Start of Provided data

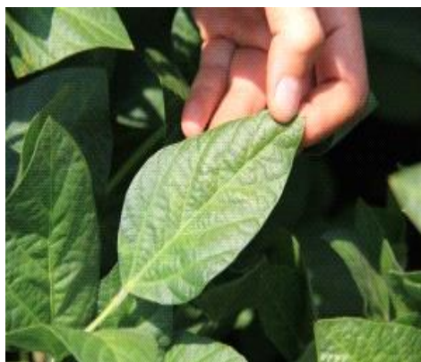
Slika 6. List soje
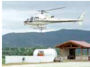
El helibalde recoge los 1.000 litros de su capacidad.
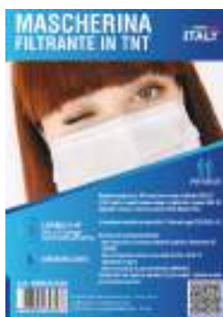
VERSIONE PER ADULTI
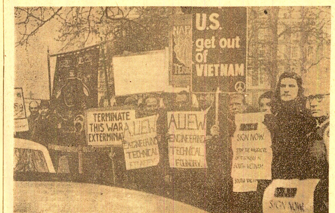
ANGLIA — Recent, la Londra a avut loc o nouă demonstrație împotriva reluării bombardamentelor de către S.U.A. asupra teritoriului R.D. Vietnam. În FOTO: Aspect de la demonstrația care a avut loc la Londra.

End of Provided data

Nothing but the text of the listing should be set down, exactly, with the pictures left behind.

▶ **Response to the task**:
Slika 6. List soje
El helibalde recoge los 1.000 litros de su capacidad.
VERSIONE PER ADULTI
ANGLIA — Recent, la Londra a avut loc o nouă demonstrație împotriva reluării bombardamentelor de către S.U.A. asupra teritoriului R.D. Vietnam. În FOTO: Aspect de la demonstrația care a avut loc la Londra.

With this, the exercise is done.